EXTRACTED RECORDS:
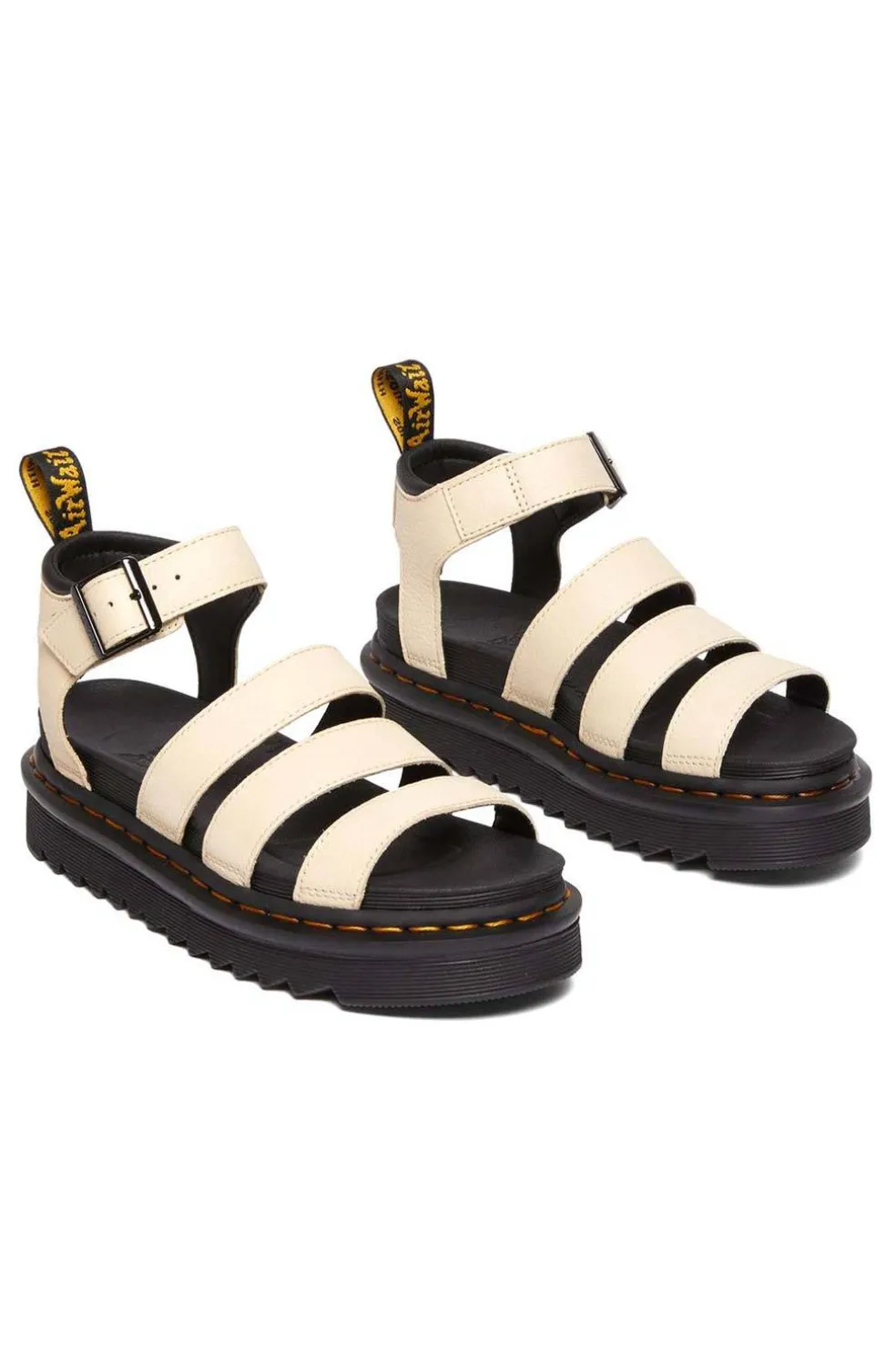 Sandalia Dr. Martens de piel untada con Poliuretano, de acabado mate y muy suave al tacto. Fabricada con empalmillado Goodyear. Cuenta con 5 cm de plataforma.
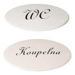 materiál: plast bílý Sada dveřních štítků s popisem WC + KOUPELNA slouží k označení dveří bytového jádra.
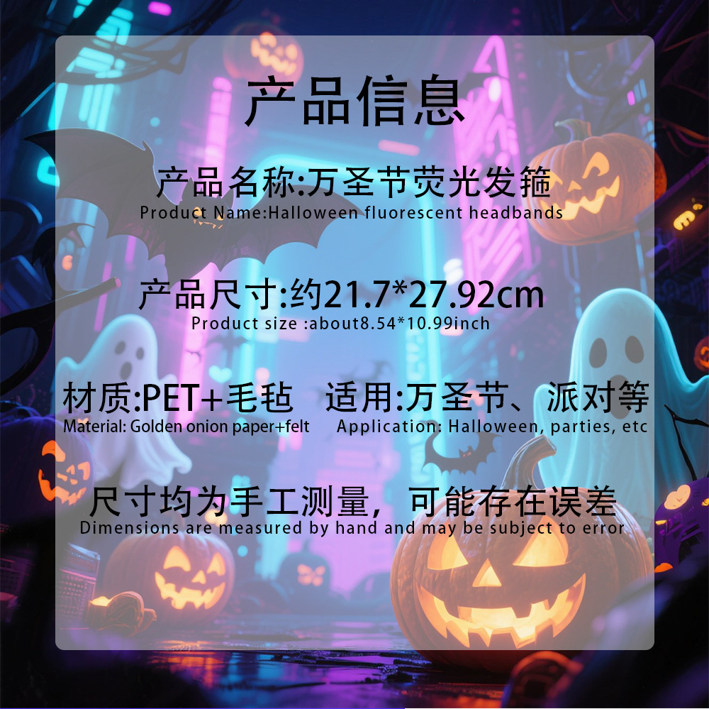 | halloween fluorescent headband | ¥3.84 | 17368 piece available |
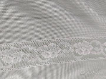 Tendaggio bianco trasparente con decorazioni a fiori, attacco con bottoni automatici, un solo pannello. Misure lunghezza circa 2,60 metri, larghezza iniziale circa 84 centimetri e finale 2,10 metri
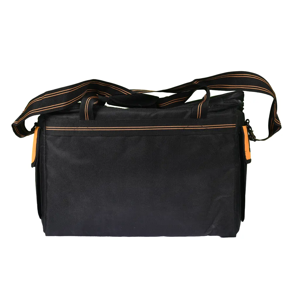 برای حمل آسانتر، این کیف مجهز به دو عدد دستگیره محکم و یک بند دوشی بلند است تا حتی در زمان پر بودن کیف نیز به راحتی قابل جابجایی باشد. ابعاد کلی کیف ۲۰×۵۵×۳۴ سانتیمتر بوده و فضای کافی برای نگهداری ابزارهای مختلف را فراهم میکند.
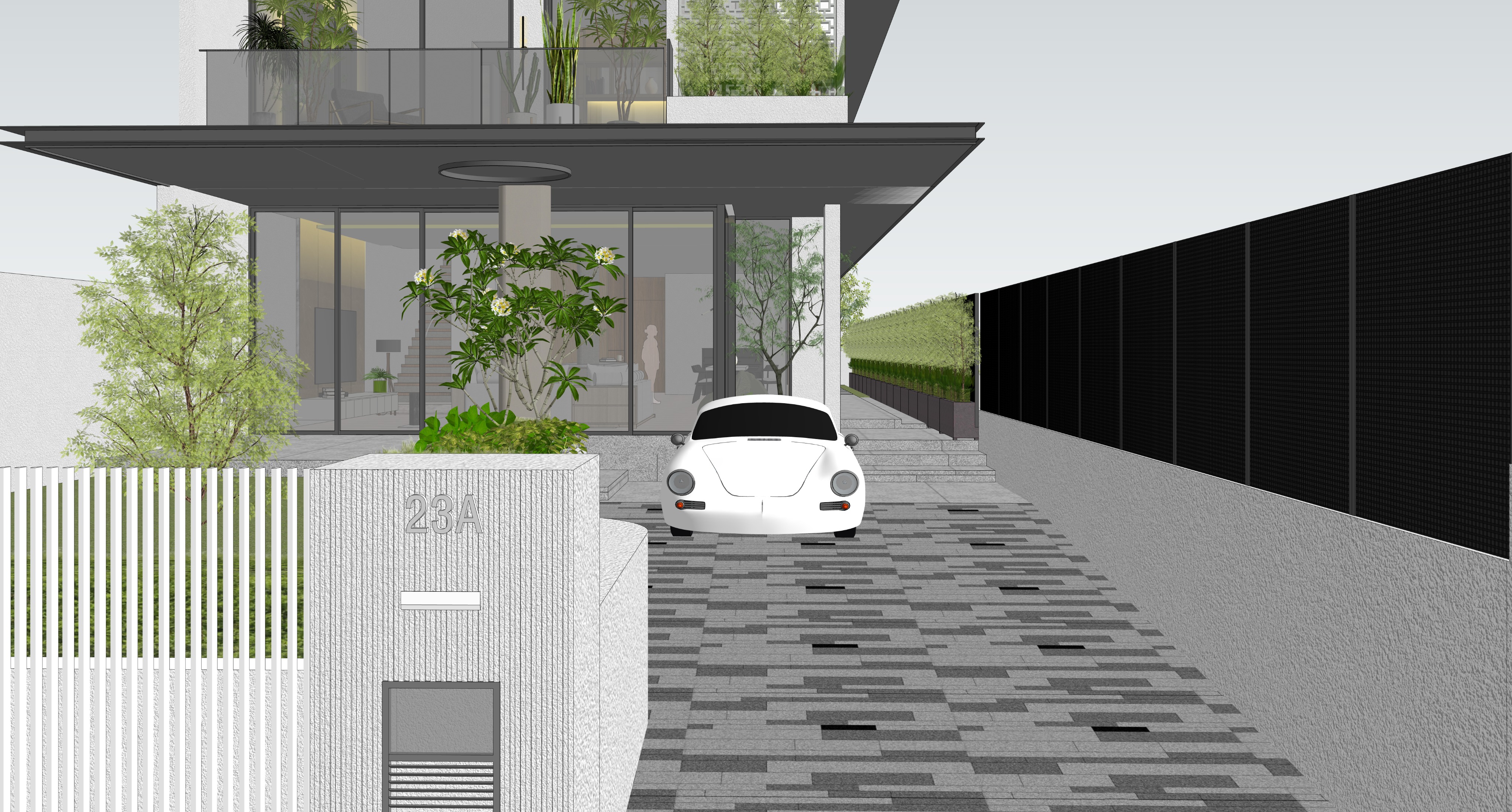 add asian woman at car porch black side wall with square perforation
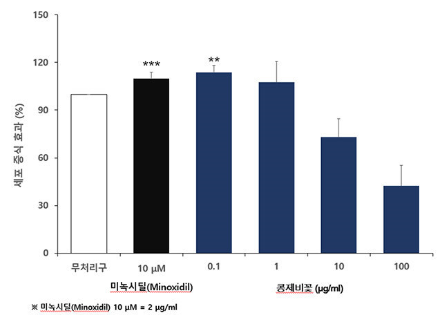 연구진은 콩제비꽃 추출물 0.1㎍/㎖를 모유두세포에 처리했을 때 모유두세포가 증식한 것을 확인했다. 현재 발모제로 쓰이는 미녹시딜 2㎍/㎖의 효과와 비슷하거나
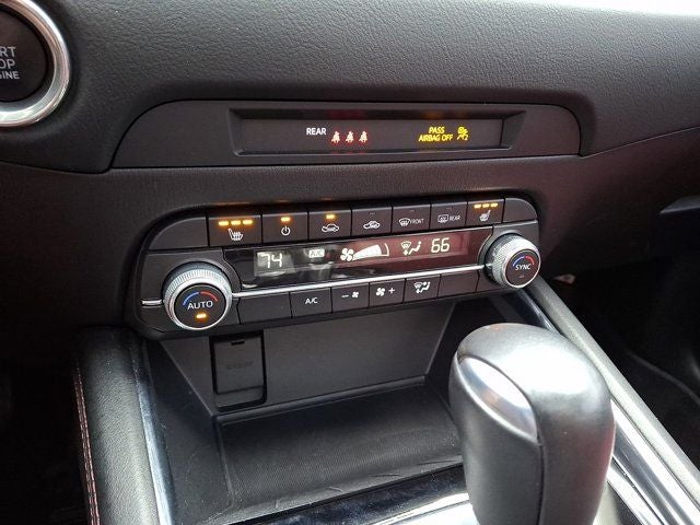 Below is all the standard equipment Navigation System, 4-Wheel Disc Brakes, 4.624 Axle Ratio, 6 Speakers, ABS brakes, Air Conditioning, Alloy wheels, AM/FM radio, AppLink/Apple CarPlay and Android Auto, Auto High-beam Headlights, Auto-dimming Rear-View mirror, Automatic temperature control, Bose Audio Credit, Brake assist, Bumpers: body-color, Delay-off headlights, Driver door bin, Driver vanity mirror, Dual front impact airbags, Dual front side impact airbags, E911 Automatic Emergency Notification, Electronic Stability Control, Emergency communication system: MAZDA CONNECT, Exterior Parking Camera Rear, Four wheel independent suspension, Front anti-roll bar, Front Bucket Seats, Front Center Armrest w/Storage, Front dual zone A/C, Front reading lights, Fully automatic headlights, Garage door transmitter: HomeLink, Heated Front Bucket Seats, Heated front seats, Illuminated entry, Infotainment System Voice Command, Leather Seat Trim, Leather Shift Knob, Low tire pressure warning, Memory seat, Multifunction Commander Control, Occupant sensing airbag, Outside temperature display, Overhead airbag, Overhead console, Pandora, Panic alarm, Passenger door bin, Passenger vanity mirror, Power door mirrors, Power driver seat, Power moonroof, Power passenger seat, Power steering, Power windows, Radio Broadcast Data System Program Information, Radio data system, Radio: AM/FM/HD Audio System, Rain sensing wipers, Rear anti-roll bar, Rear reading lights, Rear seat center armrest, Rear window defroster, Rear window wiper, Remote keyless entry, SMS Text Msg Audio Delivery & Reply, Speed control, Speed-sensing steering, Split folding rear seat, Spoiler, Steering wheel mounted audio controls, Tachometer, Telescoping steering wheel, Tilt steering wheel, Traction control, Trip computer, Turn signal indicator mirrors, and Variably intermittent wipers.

WHAT IS NEEDED:
In the listing above, find the line containing "Tendaggio bianco trasparente". Output it and every line after it up to and including the line containing "연구진은 콩제비꽃 추출물", exactly, but skip the pictures.

PROBLEM SOLUTION:
 Tendaggio bianco trasparente con decorazioni a fiori, attacco con bottoni automatici, un solo pannello. Misure lunghezza circa 2,60 metri, larghezza iniziale circa 84 centimetri e finale 2,10 metri
 برای حمل آسانتر، این کیف مجهز به دو عدد دستگیره محکم و یک بند دوشی بلند است تا حتی در زمان پر بودن کیف نیز به راحتی قابل جابجایی باشد. ابعاد کلی کیف ۲۰×۵۵×۳۴ سانتیمتر بوده و فضای کافی برای نگهداری ابزارهای مختلف را فراهم میکند.
 add asian woman at car porch black side wall with square perforation
 연구진은 콩제비꽃 추출물 0.1㎍/㎖를 모유두세포에 처리했을 때 모유두세포가 증식한 것을 확인했다. 현재 발모제로 쓰이는 미녹시딜 2㎍/㎖의 효과와 비슷하거나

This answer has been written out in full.